AI Voice Cloning

Have you ever wondered how to make AI sing your favourite songs using a celebrity’s voice? With the Retrieval-Based Voice Conversion (RVC) model, you can train an AI voice clone and make it sing any song—for free!

In this guide, I’ll show you how to clone Ariana Grande’s voice and use it to sing Humdard by Arijit Singh.
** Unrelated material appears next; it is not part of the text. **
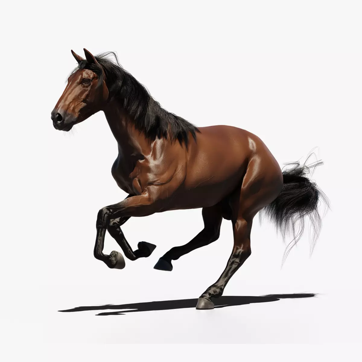 • There are 7 fbx: full animated version, static model and rig, rig with run-cycle, rig with walk-cycle, trot-cycle, rear, idle.
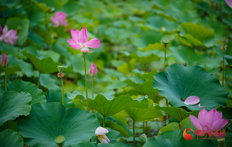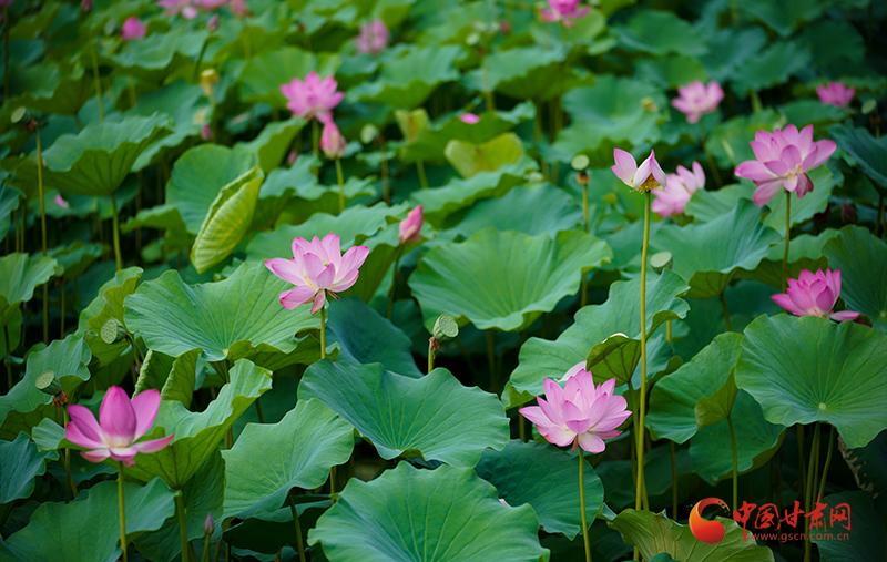 盛夏時(shí)節(jié),甘肅成縣裴公湖的荷花爭(zhēng)相盛開,吸引大批游客前來(lái)觀賞,拍照打卡。

Let’s dive in!

Step 1: Collect Voice Samples

To train an AI voice model, we need high-quality audio of the target person's voice.

1.1 Find Clean Voice Clips

Look for studio acapella versions of the artist’s songs.
Use isolated vocal tracks from music albums or YouTube.
You can also extract vocals from songs using LALAL.AI or Ultimate Vocal Remover.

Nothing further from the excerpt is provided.